-- Task statement --
When the line with "Aranjament floral in" appears below, start repeating lines exactly, and keep going through the line with "陜西華夏粉末冶金有限責(zé"; add nothing outside that span.

-- Extracted information --
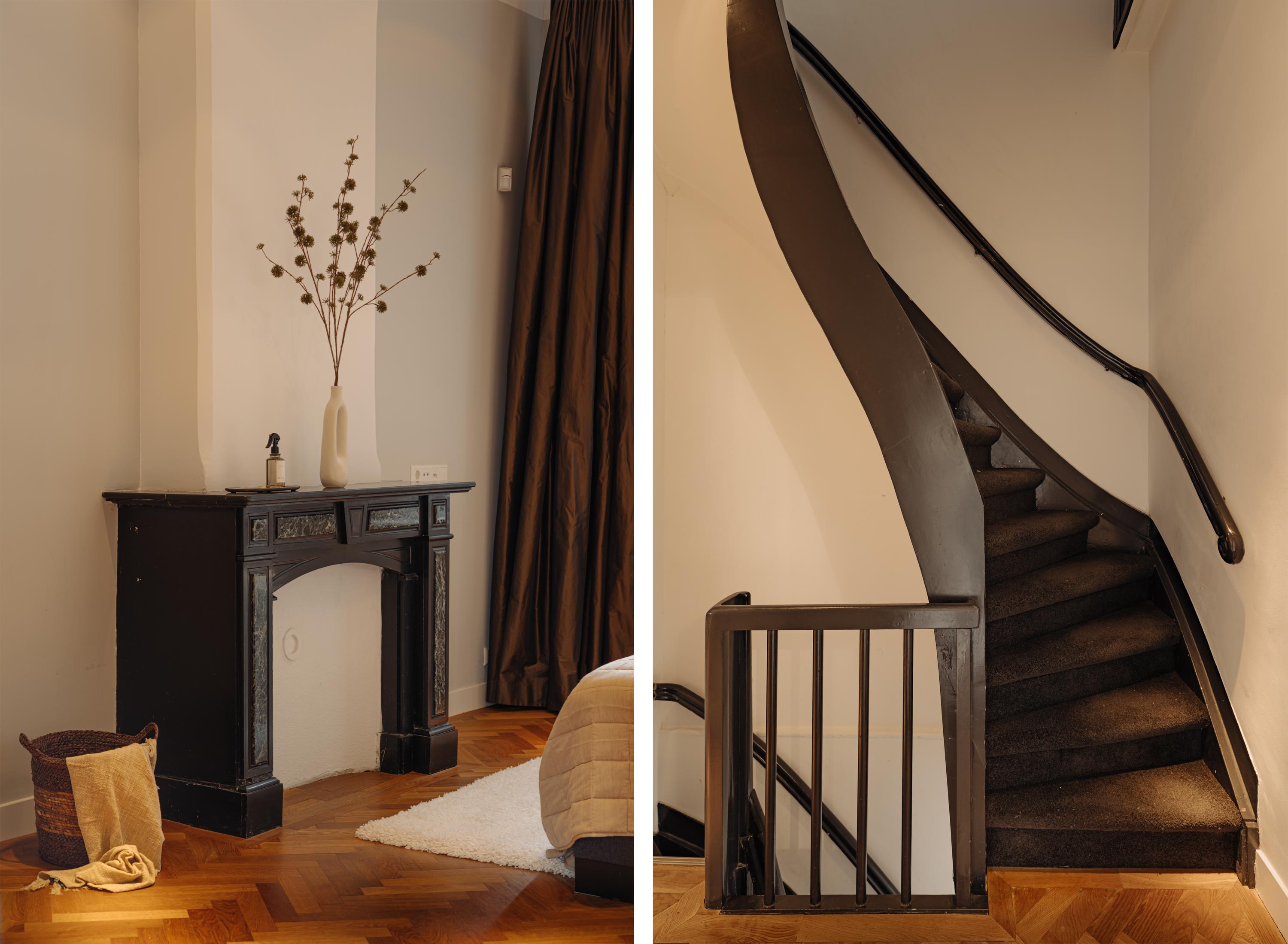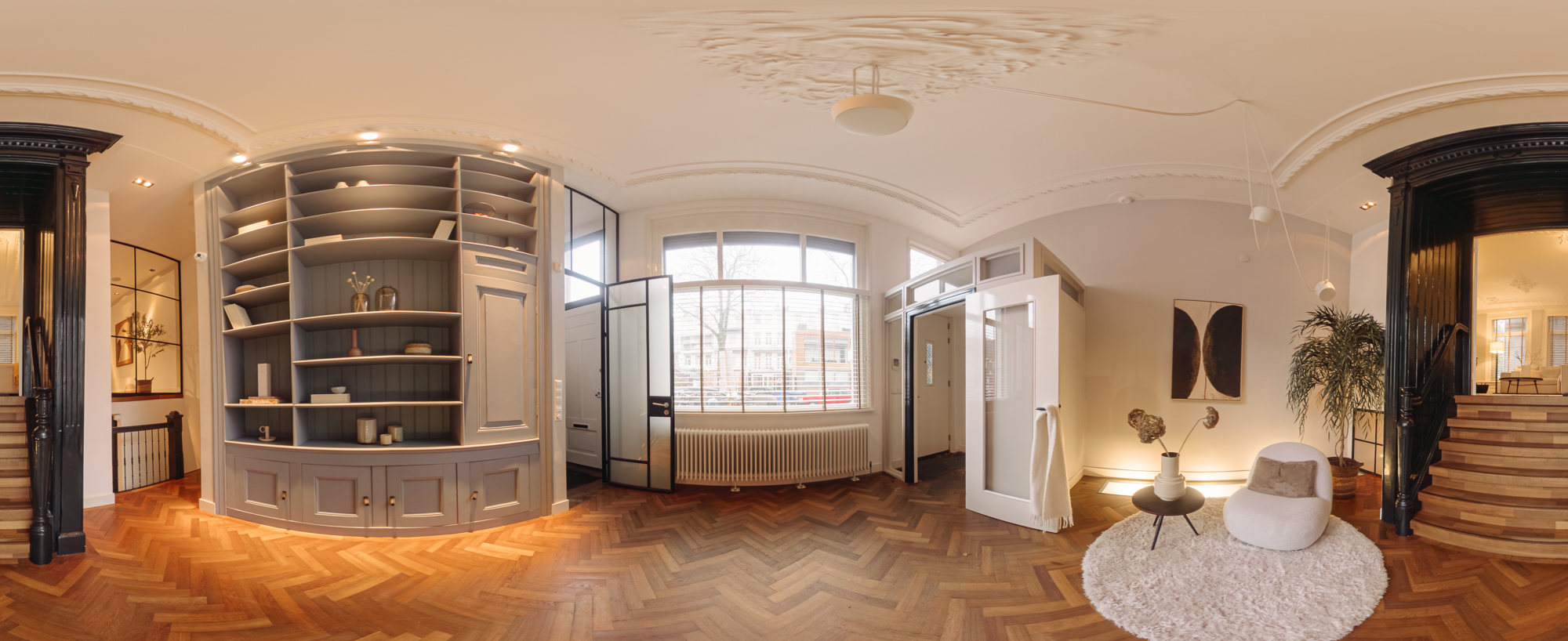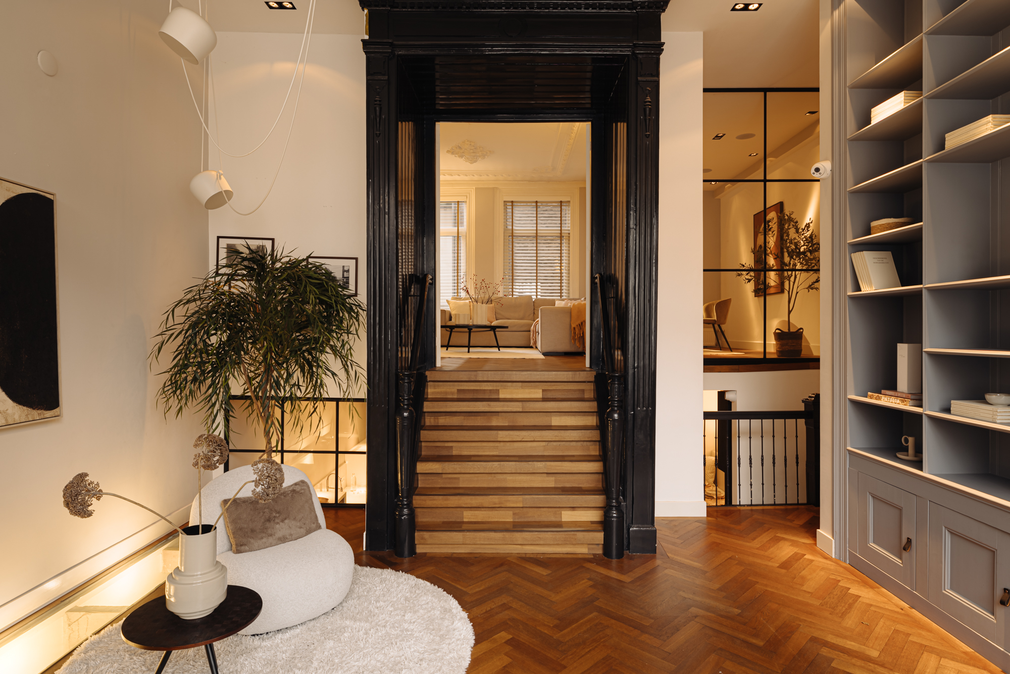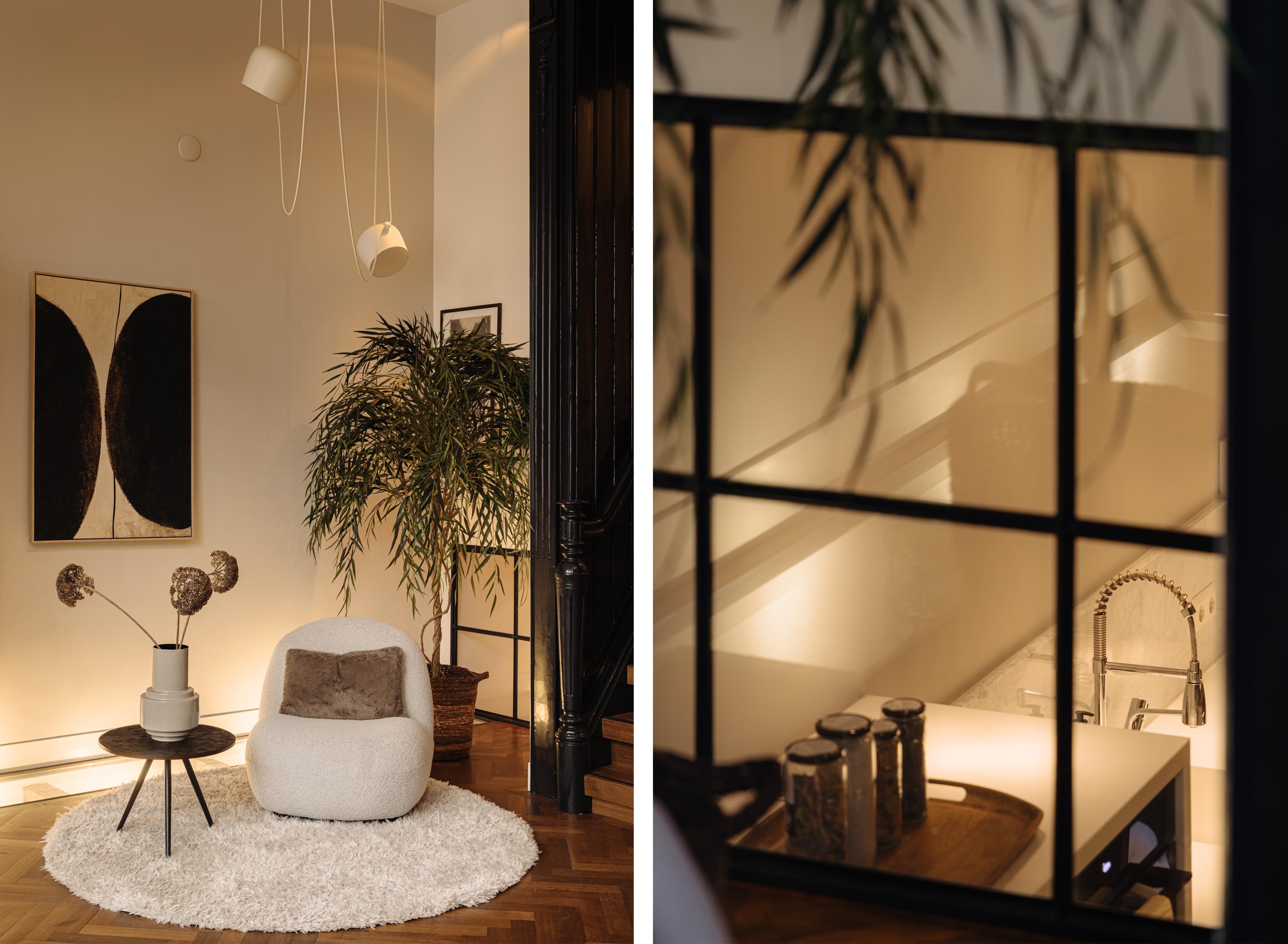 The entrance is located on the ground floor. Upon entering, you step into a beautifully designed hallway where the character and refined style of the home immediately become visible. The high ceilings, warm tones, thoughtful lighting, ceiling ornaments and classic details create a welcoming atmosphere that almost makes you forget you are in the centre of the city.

* * *

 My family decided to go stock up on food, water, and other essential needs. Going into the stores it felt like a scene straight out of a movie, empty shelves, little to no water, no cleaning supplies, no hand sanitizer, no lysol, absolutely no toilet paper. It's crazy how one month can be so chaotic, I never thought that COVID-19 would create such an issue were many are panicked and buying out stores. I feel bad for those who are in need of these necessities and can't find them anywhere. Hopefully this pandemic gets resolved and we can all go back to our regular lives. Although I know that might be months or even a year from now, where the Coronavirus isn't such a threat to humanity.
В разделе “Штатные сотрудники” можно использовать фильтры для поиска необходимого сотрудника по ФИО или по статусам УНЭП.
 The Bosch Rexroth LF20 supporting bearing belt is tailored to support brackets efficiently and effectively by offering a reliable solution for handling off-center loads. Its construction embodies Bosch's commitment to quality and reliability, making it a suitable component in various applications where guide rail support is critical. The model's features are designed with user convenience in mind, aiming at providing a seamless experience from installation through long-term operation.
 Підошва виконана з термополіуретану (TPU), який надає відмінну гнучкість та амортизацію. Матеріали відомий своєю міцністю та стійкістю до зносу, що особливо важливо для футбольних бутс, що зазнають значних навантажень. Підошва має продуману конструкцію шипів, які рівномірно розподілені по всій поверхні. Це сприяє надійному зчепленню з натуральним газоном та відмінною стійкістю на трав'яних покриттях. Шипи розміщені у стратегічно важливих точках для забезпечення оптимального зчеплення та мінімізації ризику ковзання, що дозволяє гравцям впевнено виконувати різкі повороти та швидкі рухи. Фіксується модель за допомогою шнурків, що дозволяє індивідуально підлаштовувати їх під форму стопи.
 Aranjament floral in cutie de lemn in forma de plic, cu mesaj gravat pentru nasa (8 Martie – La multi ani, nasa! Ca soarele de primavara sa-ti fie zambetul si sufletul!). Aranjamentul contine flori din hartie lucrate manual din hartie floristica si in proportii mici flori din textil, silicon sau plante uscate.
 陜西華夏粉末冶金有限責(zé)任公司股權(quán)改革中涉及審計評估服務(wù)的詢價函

-- Answer for the task --
 Aranjament floral in cutie de lemn in forma de plic, cu mesaj gravat pentru nasa (8 Martie – La multi ani, nasa! Ca soarele de primavara sa-ti fie zambetul si sufletul!). Aranjamentul contine flori din hartie lucrate manual din hartie floristica si in proportii mici flori din textil, silicon sau plante uscate.
 陜西華夏粉末冶金有限責(zé)任公司股權(quán)改革中涉及審計評估服務(wù)的詢價函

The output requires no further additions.